> [RAW DATA]
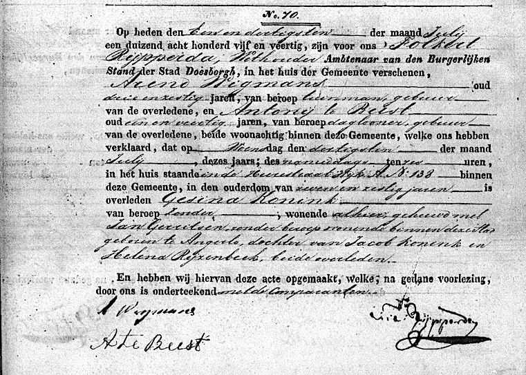 GeldA, overl. reg. Doesburg 1845, akte 70
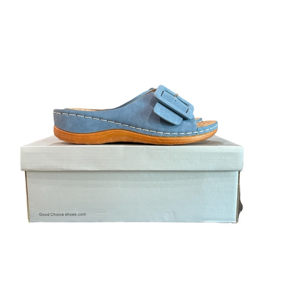 Chic blue mules with a stylish buckle. Comfortable tan sole. Perfect for casual wear. You can adjust the width at the buckle. Cushioned footbed.
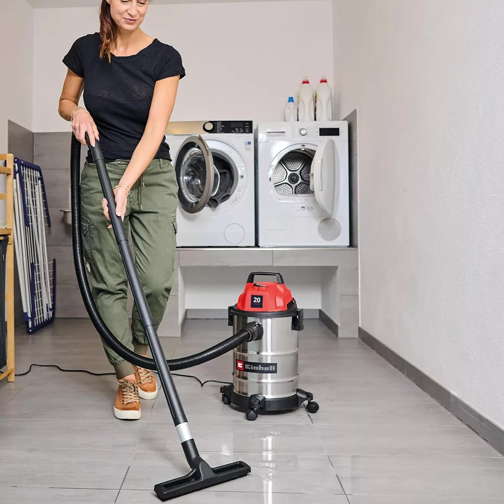 Az Einhell TC-VC 2045 S nedves/száraz porszívó tökéletesen alkalmas a ház, a műhely és a garázs körüli alapos takarításra.
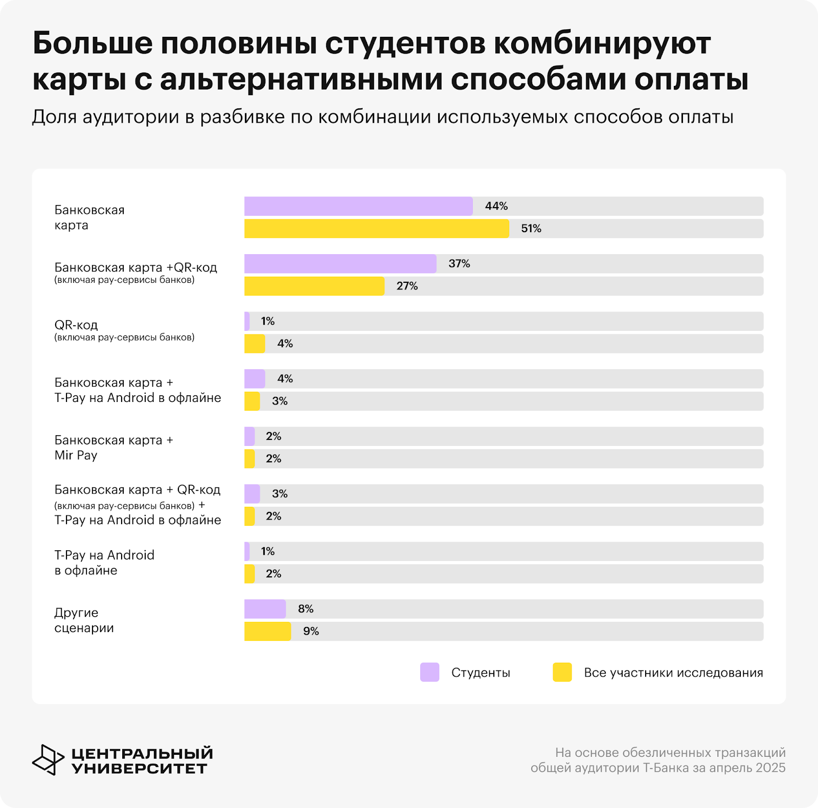 В 2025 году больше половины россиян используют для совершения платежей только банковскую карту Среди студенческой аудитории доля меньше — 44%. Студенческая аудитория активнее сочетает разные платежные методы. Связка банковской карты и QR-кода оказалась второй по популярности: ею пользуются 37% студентов против 27% общей аудитории.

> [WORK TO COMPLETE]
In your answer, repeat the material above in full, exactly, and without its pictures.

> [SOLVED PROBLEM]
 GeldA, overl. reg. Doesburg 1845, akte 70
 Chic blue mules with a stylish buckle. Comfortable tan sole. Perfect for casual wear. You can adjust the width at the buckle. Cushioned footbed.
 Az Einhell TC-VC 2045 S nedves/száraz porszívó tökéletesen alkalmas a ház, a műhely és a garázs körüli alapos takarításra.
 В 2025 году больше половины россиян используют для совершения платежей только банковскую карту Среди студенческой аудитории доля меньше — 44%. Студенческая аудитория активнее сочетает разные платежные методы. Связка банковской карты и QR-кода оказалась второй по популярности: ею пользуются 37% студентов против 27% общей аудитории.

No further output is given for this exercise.